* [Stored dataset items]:
++++++++++++++++++++
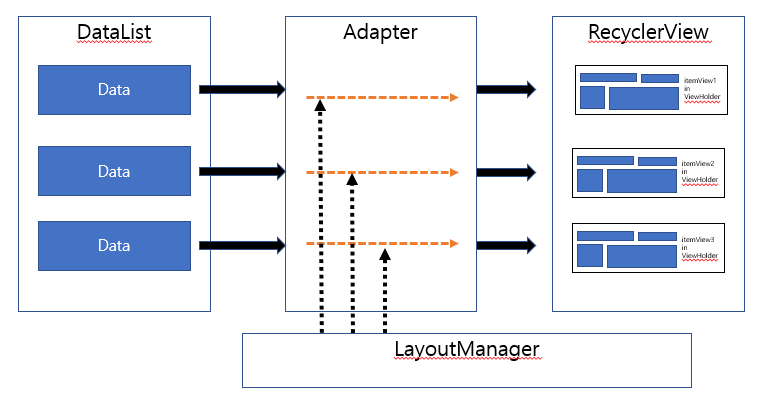 ◼️ LayoutManager : 리사이클러뷰에게 뷰를 어떻게 보여줄지 말해준다.
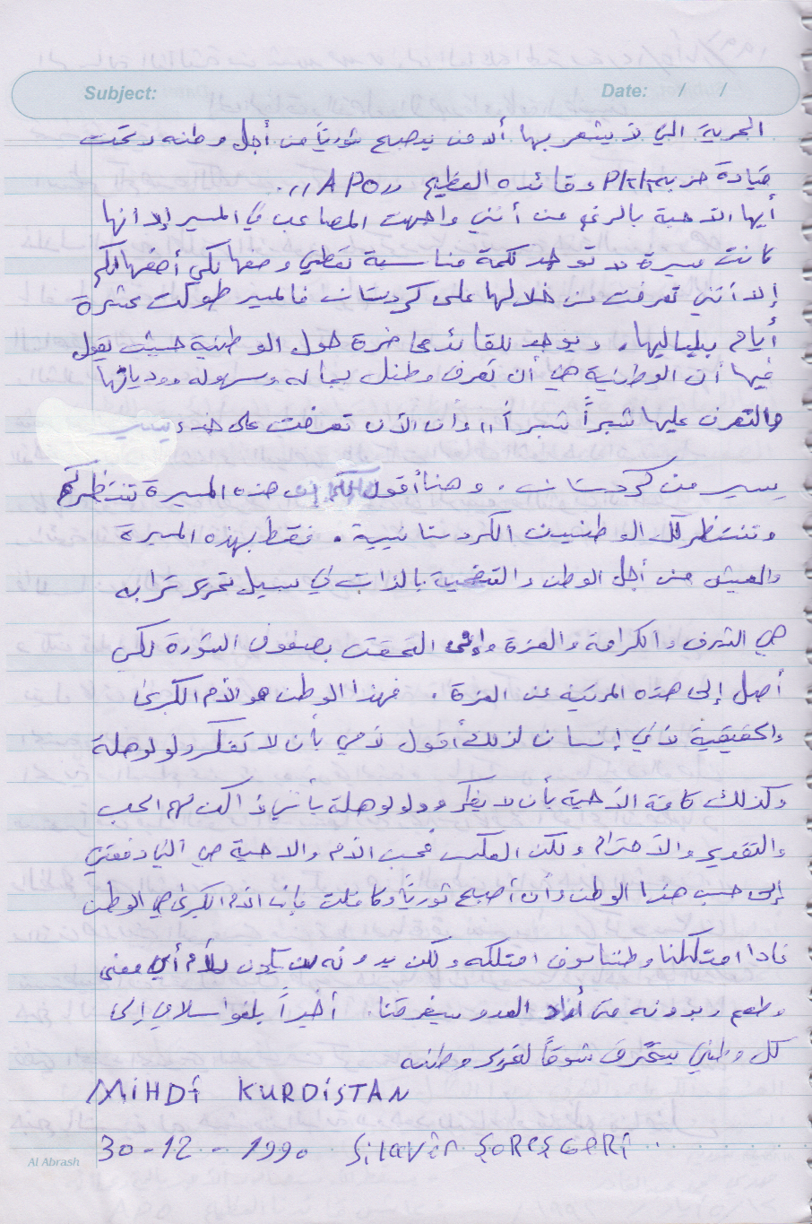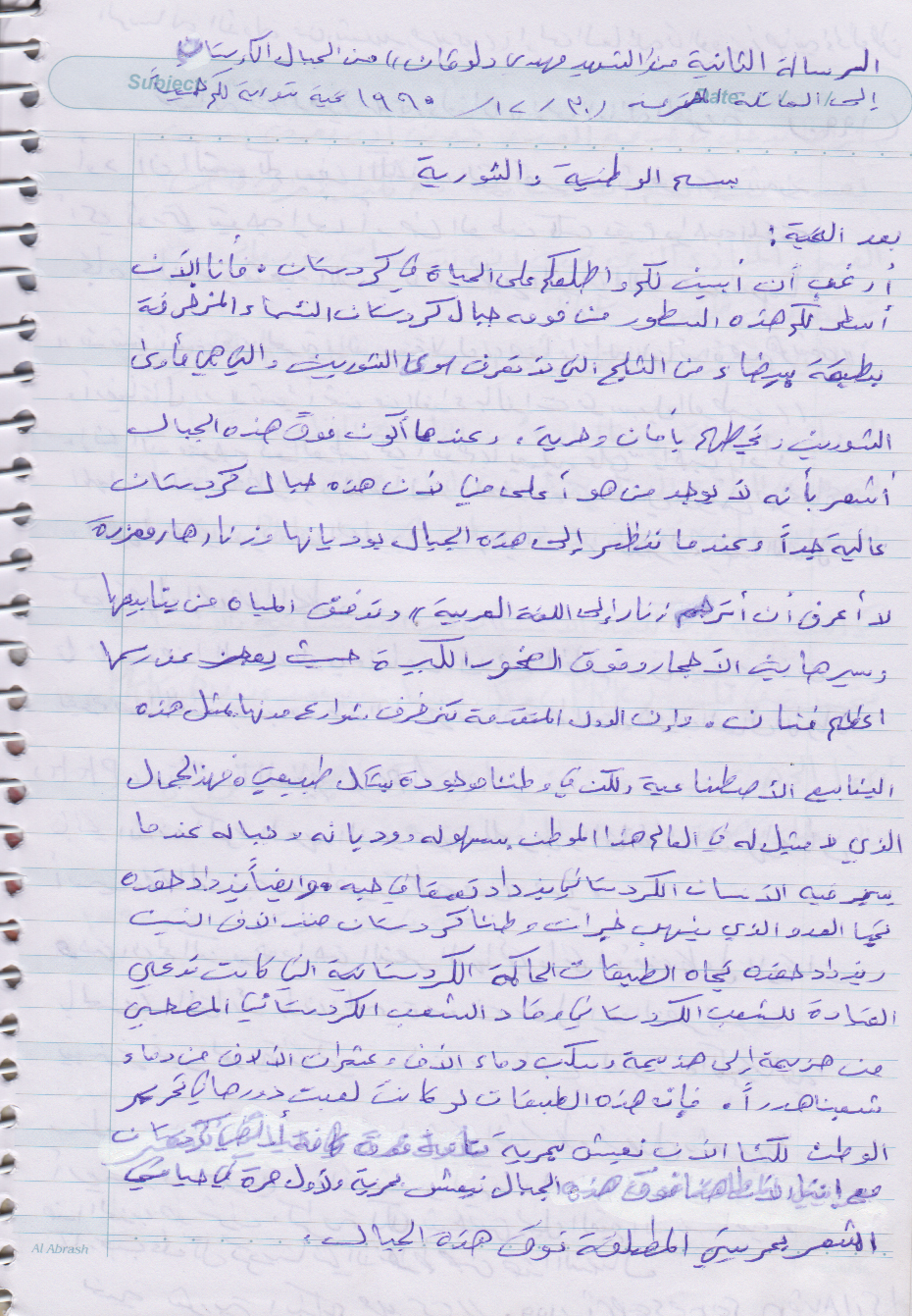 محل وتاريخ الولادة: قرية تل خنزير ناحية عامودا 1965
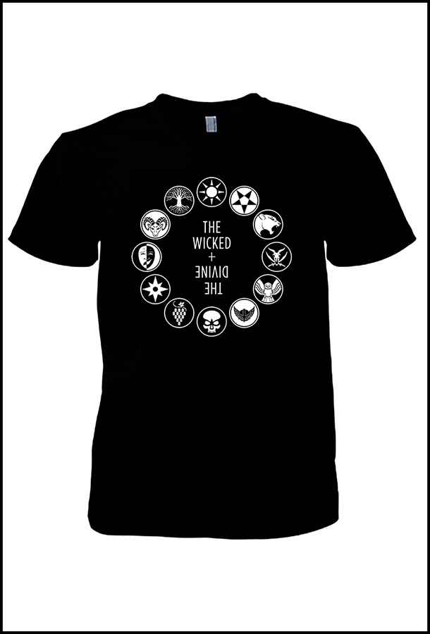 Display your loyalty to the modern The Wicked + The Divine pantheon with this fine T-shirt, sporting all iconic logos. By wearing it. As it's a T-shirt. You wear it.
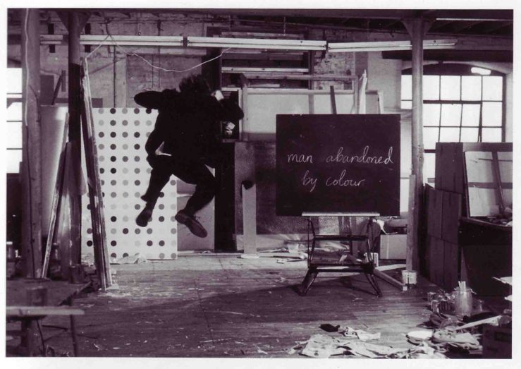 Man Abandoned shows the artist, back to camera, jumping like an ape beside a free standing blackboard on which the title is written in Magritte’s hand [from The Treachery of Images]. Hints of silent-era comedy compete with art historical reference and a foregrounding of ‘background’; the slightly abject studio stacked with work. This particular studio was shared with Damien Hirst; an early spot painting leans behind an iron pillar and ladder. So there you have Angus Fairhurst. Except that there’s more: the building and artist are gone, that ‘background’ has become art historical, the image has gained new dimensions. Between this and Fairhurst’s final series of paintings is a paradigm shift and circular arc: a spiralling of potential.
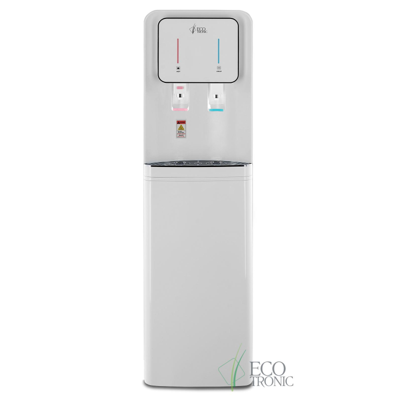 Напольный пурифайер Ecotronic A60-U4L с компрессорным охлаждением и с UF системой очистки воды. Бак холодной воды 7л. Бак горячей воды 5л. Мощность нагревательного элемента 800-1000Вт. Защита 'от детей' на кране горячей воды. Краны "нажим кружкой". Цвет: белый с серебряной окантовкой. Ресурс комплекта картриджей, в зависимости от исходной воды составляет от 6000 до 12000 литров. Сделано в Южной Корее. Обращаем Ваше внимание, что стаканодержатель в комплекте поставки отсутствует.Обращаем Ваше внимание, на то, что стаканодержатель НЕ ВХОДИТ в комплект поставки.Комплектация от производителя: пурифайер, фильтры, трубка пластиковая 3-5 м, кран врезки
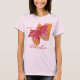 T-shirt feliz e colorido de NewparkLane -, com uma flor havaiana exótica do hibiscus no vermelho, no rosa e na laranja. Com um fundo cor-de-rosa macio e "Aloha!" na tipografia vermelha do roteiro do divertimento.
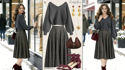 Fall Winter Charcoal Grey Pleated Midi Skirt Outfit: Cropped Sweater + Wool-Blend Pleated Skirt
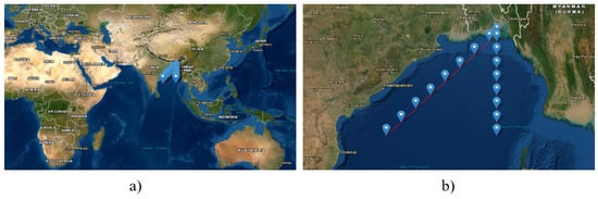 The area of experimental computations illustrating vertical and oblique dimensions in the BoB both globally in (a) and in focused form as (b) (Courtesy: https://earthexplorer.usgs.gov).
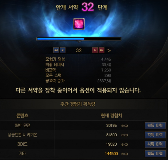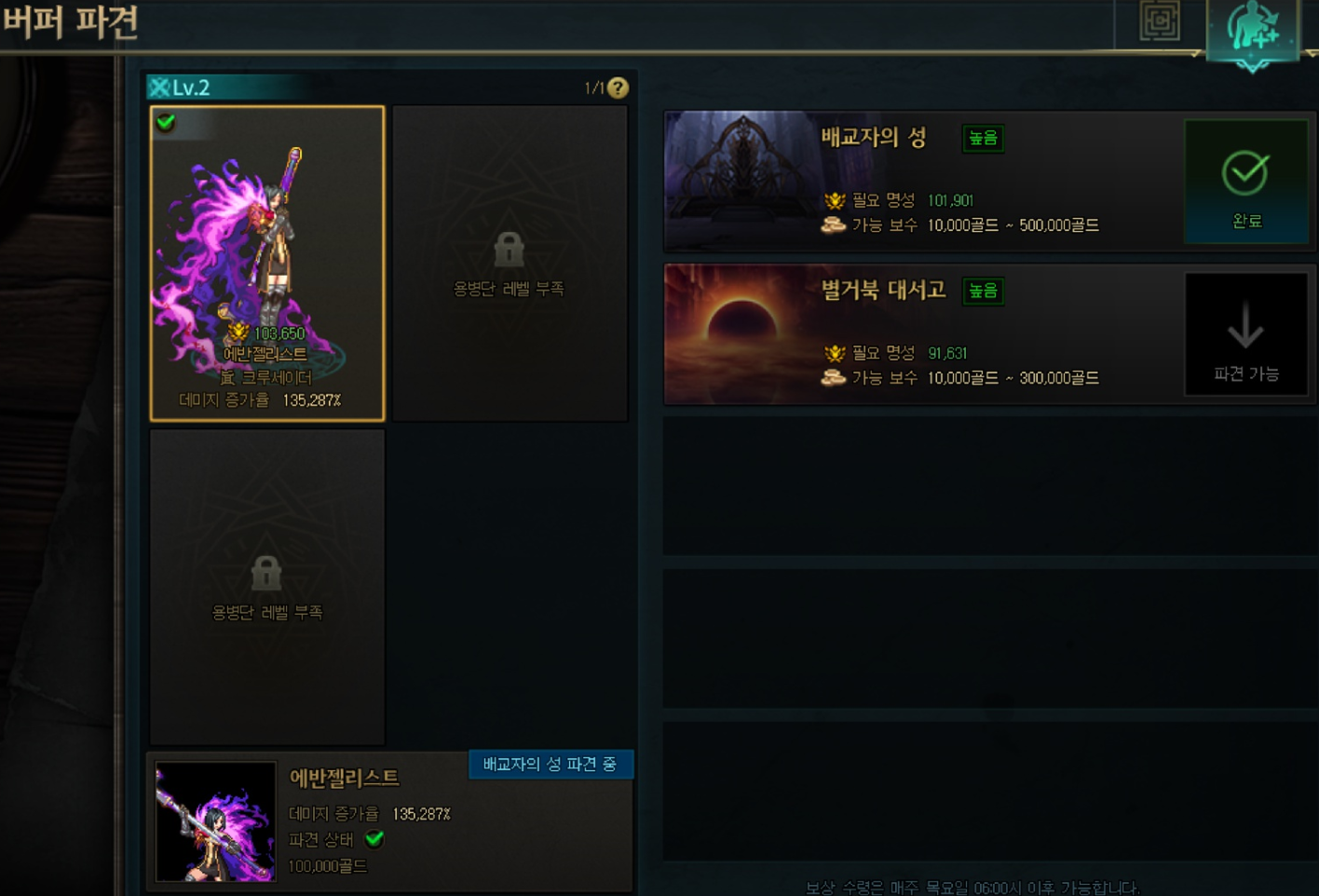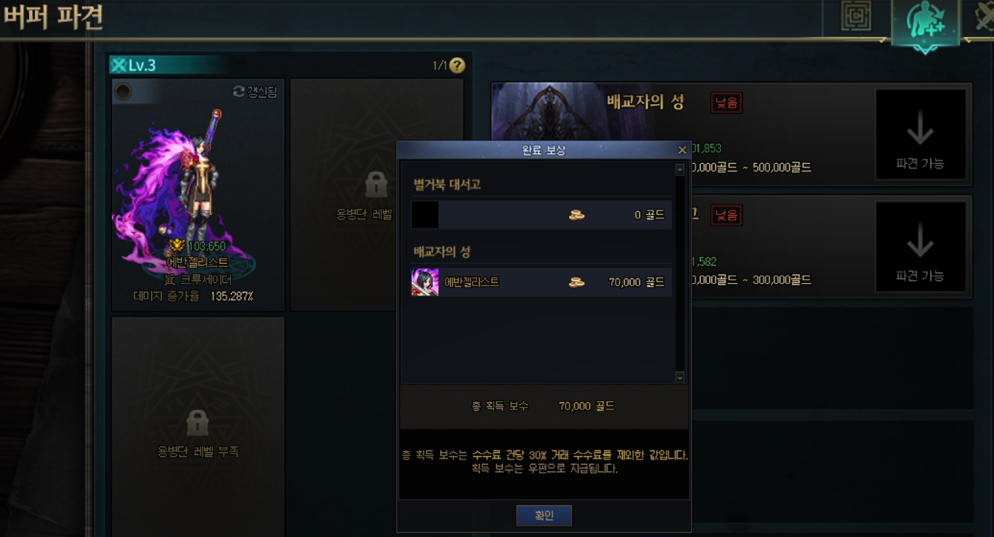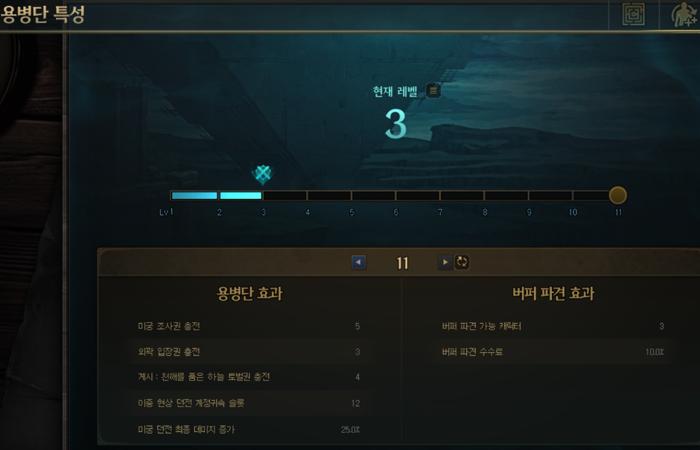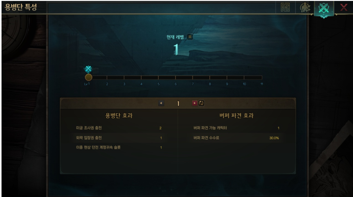용병단 레벨에 따라 용병단 효과, 버퍼 파견 효과를 확장할 수 있습니다.
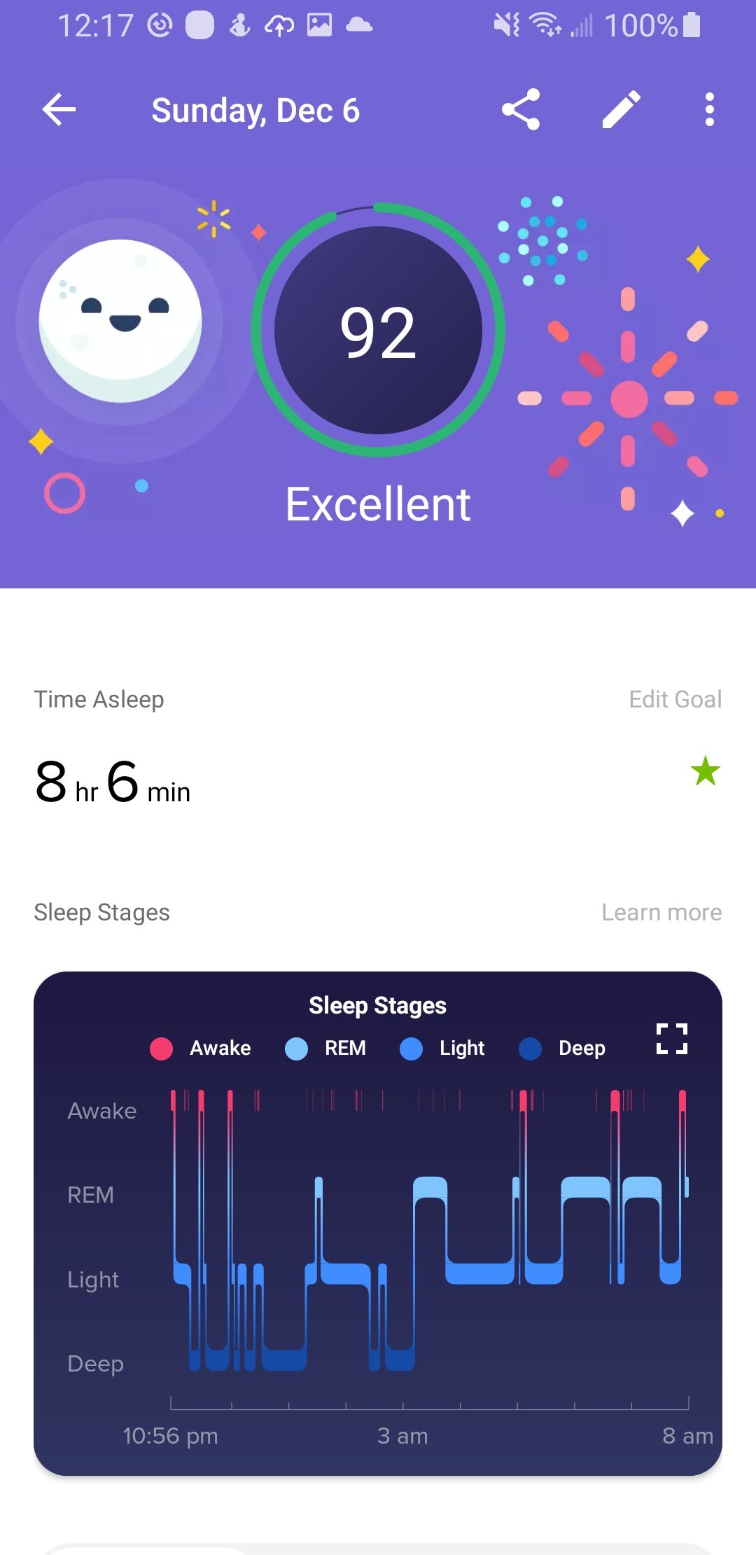 - Awake Time: Fitbit devices also track the time you’re awake at night. These brief awakenings can be normal and are often not remembered in the morning. However, excessive awake time can disrupt sleep quality and lead to feelings of restlessness or fatigue.
++++++++++++++++++++
* [PROBLEM DESCRIPTION]: Nothing but the lines from the one holding "용병단 레벨에 따라 용병단 효과, 버퍼 파견 효과를 확장할 수 있습니다." through the final line of the records above belongs in the answer, each retyped exactly; omit the pictures.

* [OUTPUT OF THE EXERCISE]:
용병단 레벨에 따라 용병단 효과, 버퍼 파견 효과를 확장할 수 있습니다.
 - Awake Time: Fitbit devices also track the time you’re awake at night. These brief awakenings can be normal and are often not remembered in the morning. However, excessive awake time can disrupt sleep quality and lead to feelings of restlessness or fatigue.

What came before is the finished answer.